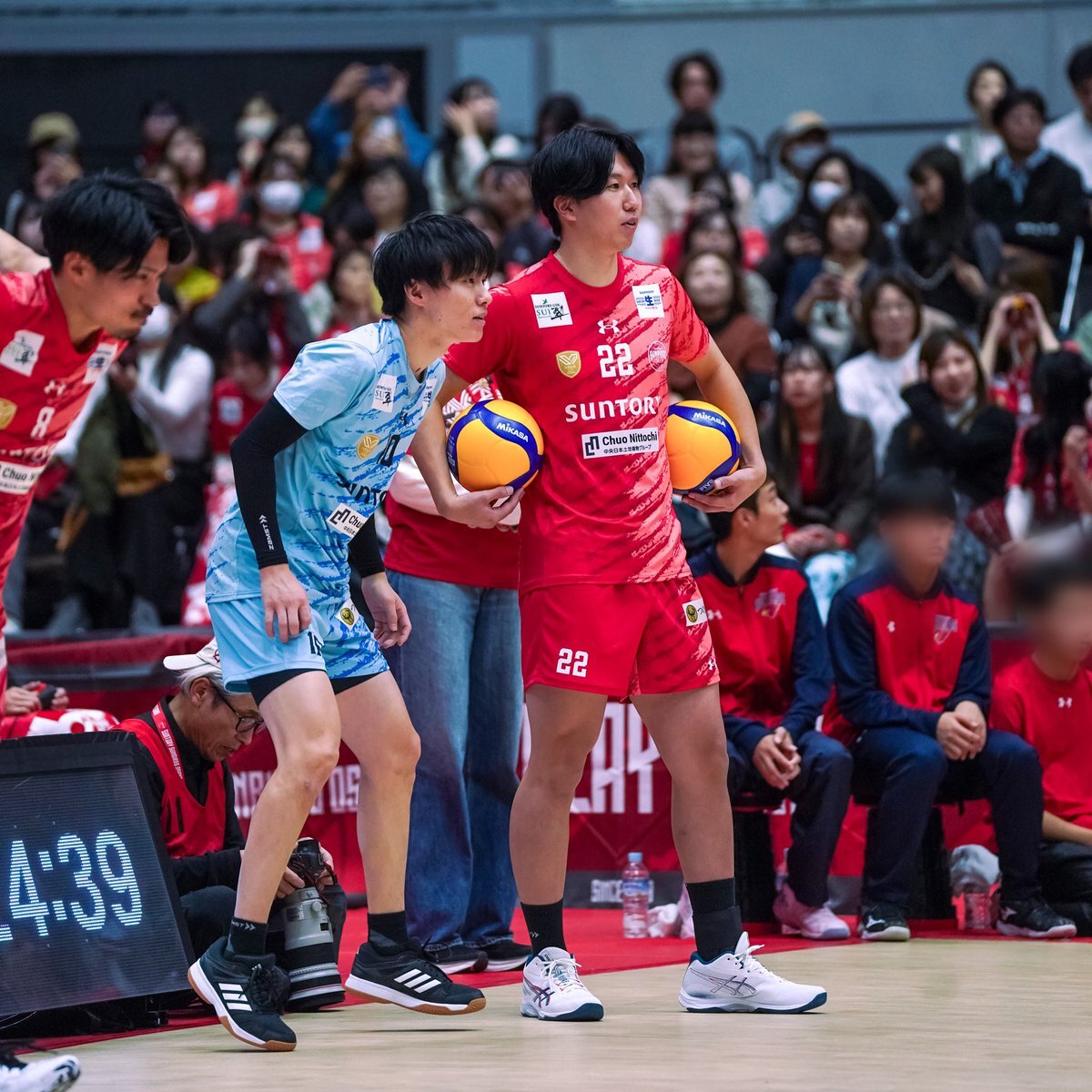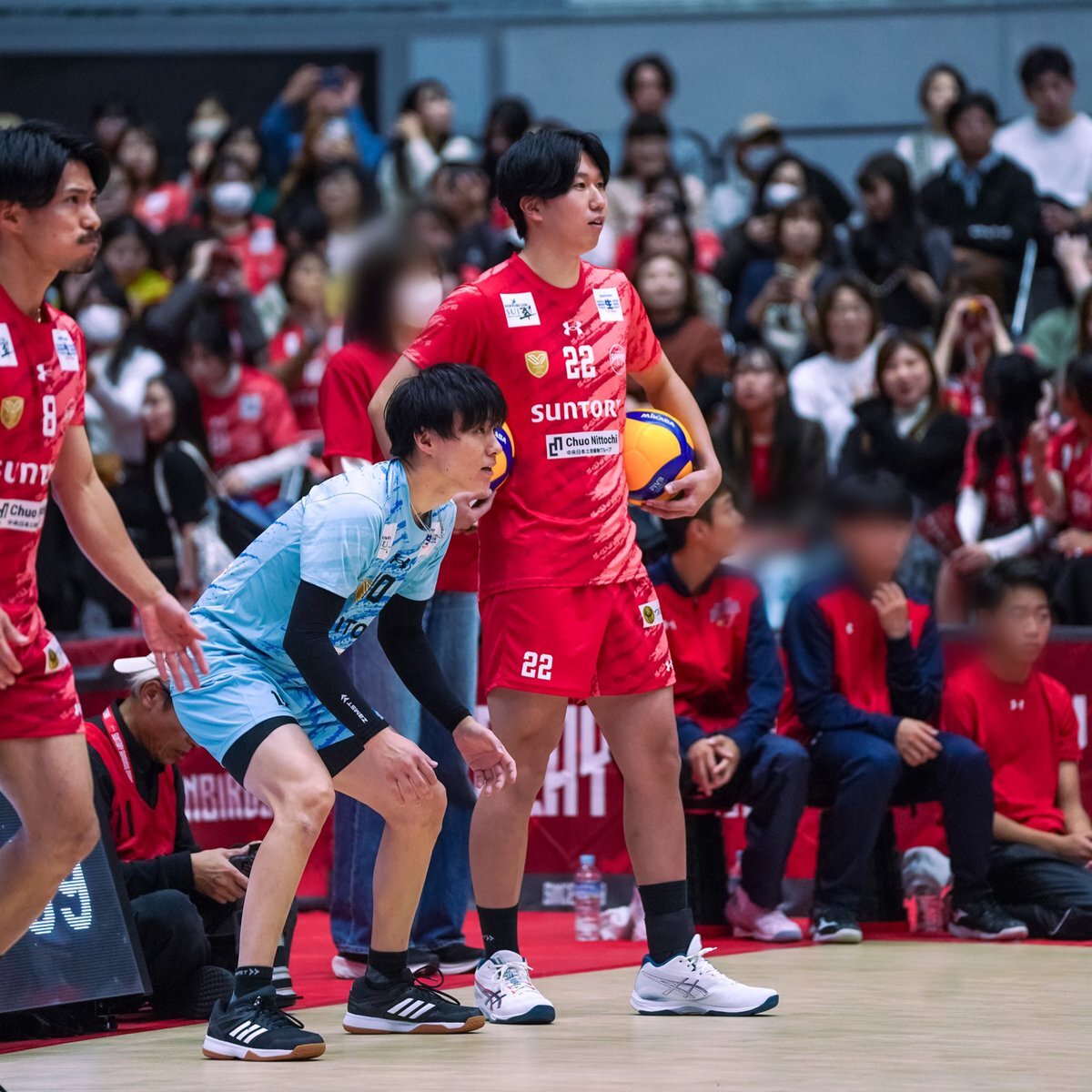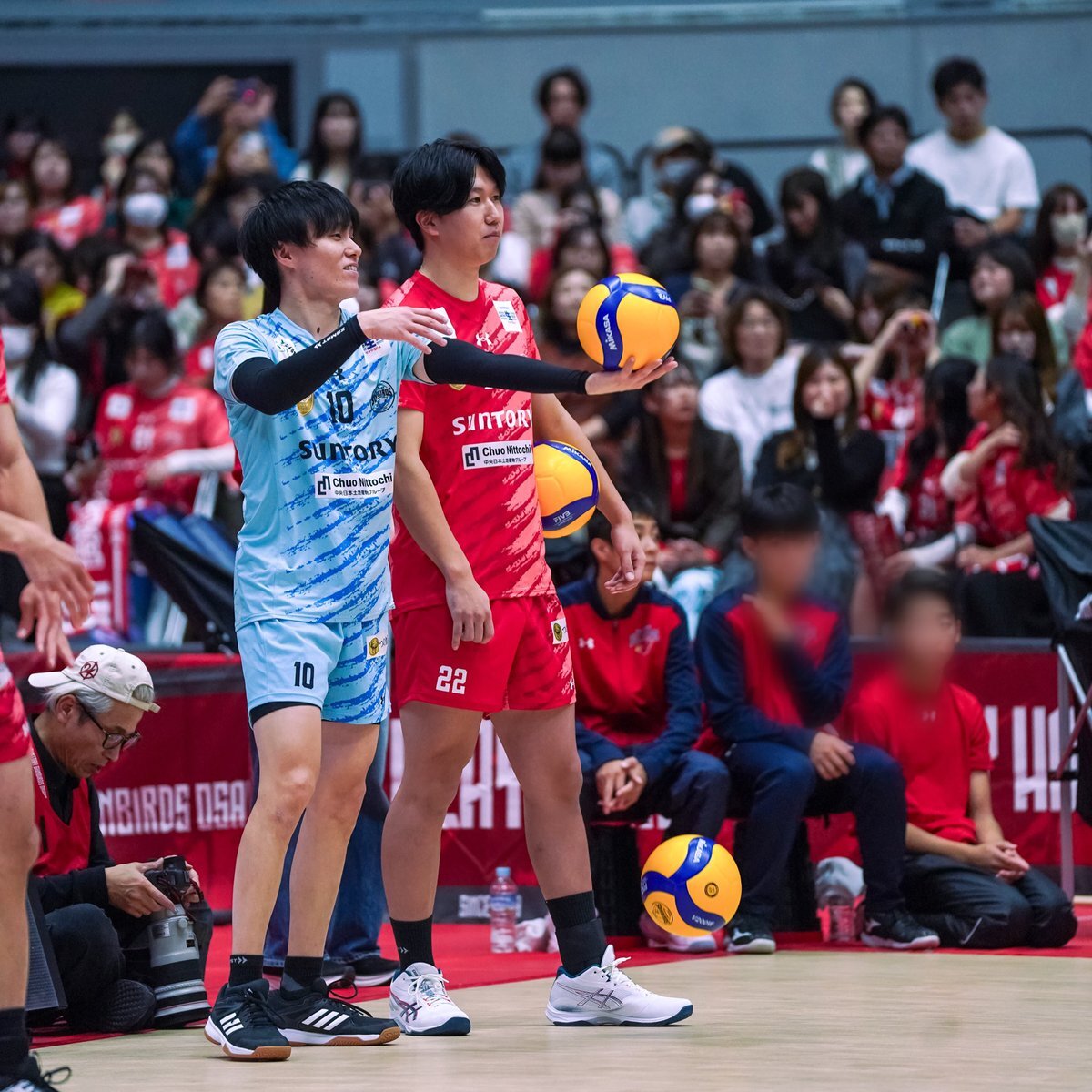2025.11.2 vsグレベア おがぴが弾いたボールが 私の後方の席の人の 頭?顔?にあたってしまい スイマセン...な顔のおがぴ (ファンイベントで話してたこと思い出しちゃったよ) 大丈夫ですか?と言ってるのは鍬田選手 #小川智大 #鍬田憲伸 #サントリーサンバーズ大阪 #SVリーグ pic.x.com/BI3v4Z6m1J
━━━━━━━━━━━━━━━━━━━━━━━━━━━━━━
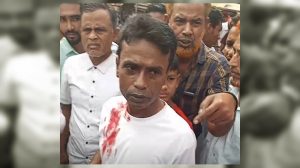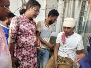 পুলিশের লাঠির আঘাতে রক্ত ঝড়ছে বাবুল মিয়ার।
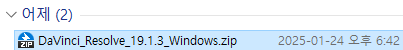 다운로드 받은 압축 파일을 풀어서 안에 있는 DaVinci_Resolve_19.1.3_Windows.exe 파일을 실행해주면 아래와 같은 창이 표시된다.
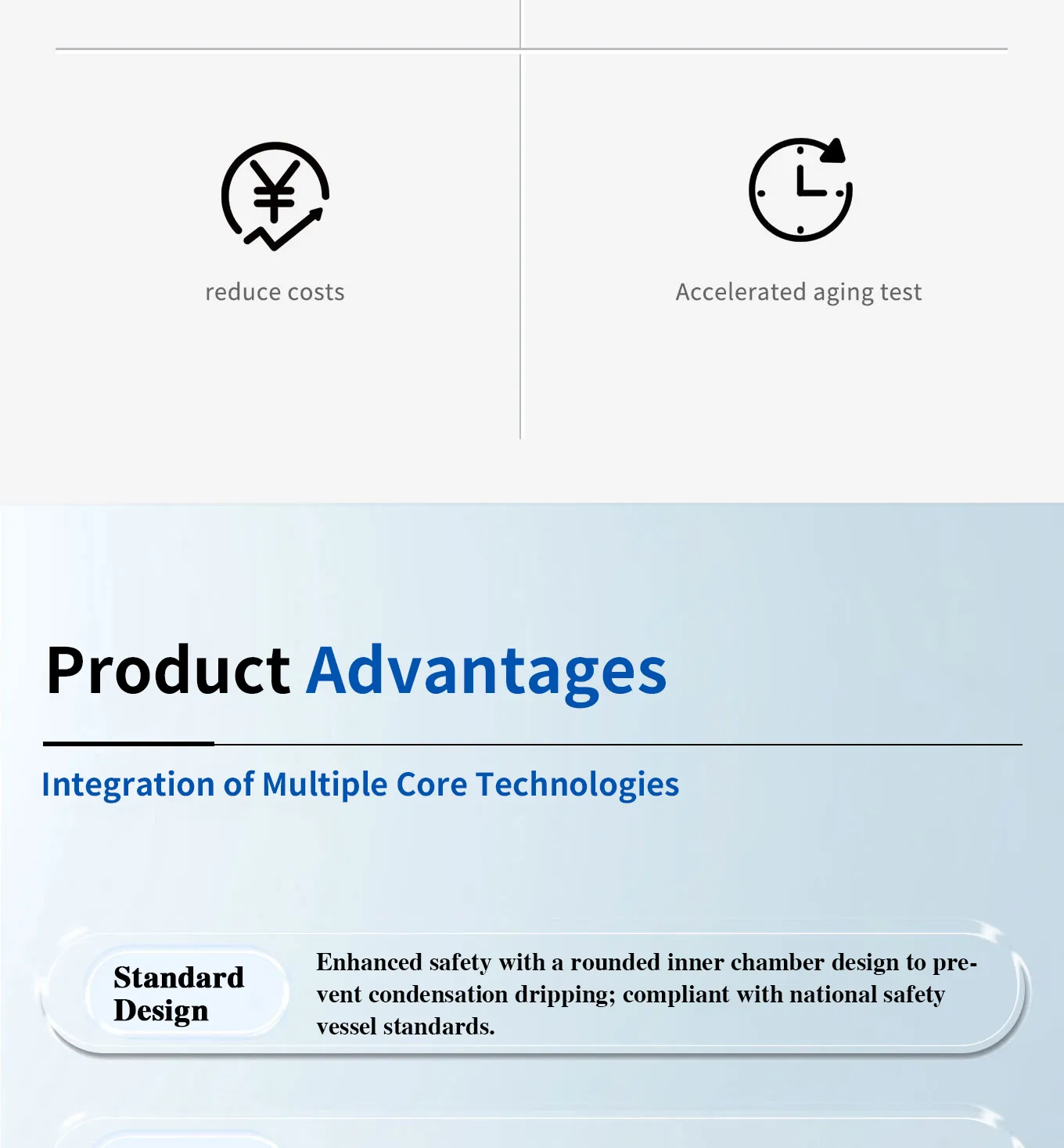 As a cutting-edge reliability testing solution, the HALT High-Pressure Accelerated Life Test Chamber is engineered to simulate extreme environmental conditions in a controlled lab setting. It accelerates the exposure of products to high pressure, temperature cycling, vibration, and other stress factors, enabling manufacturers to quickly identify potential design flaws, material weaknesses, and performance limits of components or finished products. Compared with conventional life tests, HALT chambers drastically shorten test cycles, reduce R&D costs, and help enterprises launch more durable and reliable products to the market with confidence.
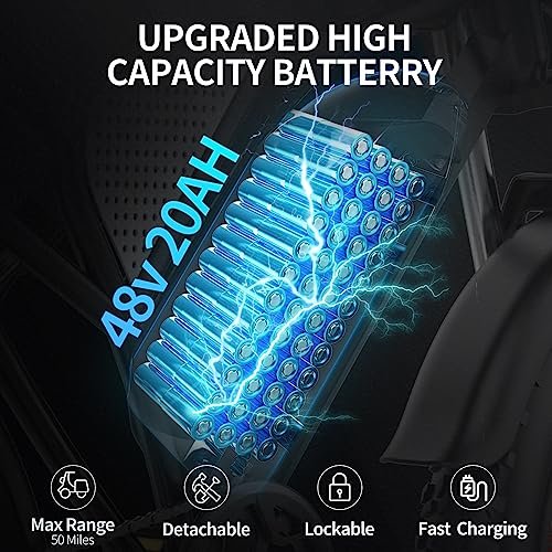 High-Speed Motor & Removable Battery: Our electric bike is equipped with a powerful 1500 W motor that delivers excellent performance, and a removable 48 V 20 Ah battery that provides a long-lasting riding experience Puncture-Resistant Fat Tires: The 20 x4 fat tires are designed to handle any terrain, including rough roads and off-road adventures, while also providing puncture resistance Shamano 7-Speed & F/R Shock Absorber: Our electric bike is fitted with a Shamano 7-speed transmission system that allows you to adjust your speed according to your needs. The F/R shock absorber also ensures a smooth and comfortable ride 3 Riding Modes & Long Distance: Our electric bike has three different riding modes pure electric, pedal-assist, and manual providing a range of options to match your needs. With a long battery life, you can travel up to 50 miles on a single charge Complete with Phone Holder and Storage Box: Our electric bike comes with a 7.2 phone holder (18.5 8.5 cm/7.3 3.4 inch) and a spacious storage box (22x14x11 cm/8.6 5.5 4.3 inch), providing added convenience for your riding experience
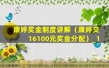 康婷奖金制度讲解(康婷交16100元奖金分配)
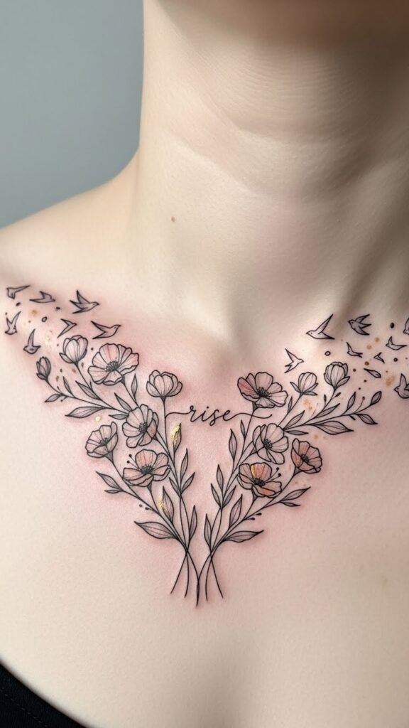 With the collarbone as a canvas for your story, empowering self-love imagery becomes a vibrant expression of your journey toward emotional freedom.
━━━━━━━━━━━━━━━━━━━━━━━━━━━━━━
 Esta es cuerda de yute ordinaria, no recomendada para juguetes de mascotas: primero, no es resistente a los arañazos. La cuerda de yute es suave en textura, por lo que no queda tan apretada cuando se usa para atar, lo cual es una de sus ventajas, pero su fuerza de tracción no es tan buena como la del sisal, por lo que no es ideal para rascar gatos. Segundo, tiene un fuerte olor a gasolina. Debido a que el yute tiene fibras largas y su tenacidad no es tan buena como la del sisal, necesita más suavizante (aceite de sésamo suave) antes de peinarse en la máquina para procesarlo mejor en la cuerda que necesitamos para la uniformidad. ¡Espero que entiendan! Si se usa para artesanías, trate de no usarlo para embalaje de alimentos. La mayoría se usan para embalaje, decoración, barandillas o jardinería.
━━━━━━━━━━━━━━━━━━━━━━━━━━━━━━
• WORK INSTRUCTIONS: Copy exactly the lines of the listing above between the one holding "다운로드 받은 압축 파일을" and the one holding "As a cutting-edge", inclusive; omit all pictures.

• SOLUTION FOR THIS EXERCISE:
 다운로드 받은 압축 파일을 풀어서 안에 있는 DaVinci_Resolve_19.1.3_Windows.exe 파일을 실행해주면 아래와 같은 창이 표시된다.
 As a cutting-edge reliability testing solution, the HALT High-Pressure Accelerated Life Test Chamber is engineered to simulate extreme environmental conditions in a controlled lab setting. It accelerates the exposure of products to high pressure, temperature cycling, vibration, and other stress factors, enabling manufacturers to quickly identify potential design flaws, material weaknesses, and performance limits of components or finished products. Compared with conventional life tests, HALT chambers drastically shorten test cycles, reduce R&D costs, and help enterprises launch more durable and reliable products to the market with confidence.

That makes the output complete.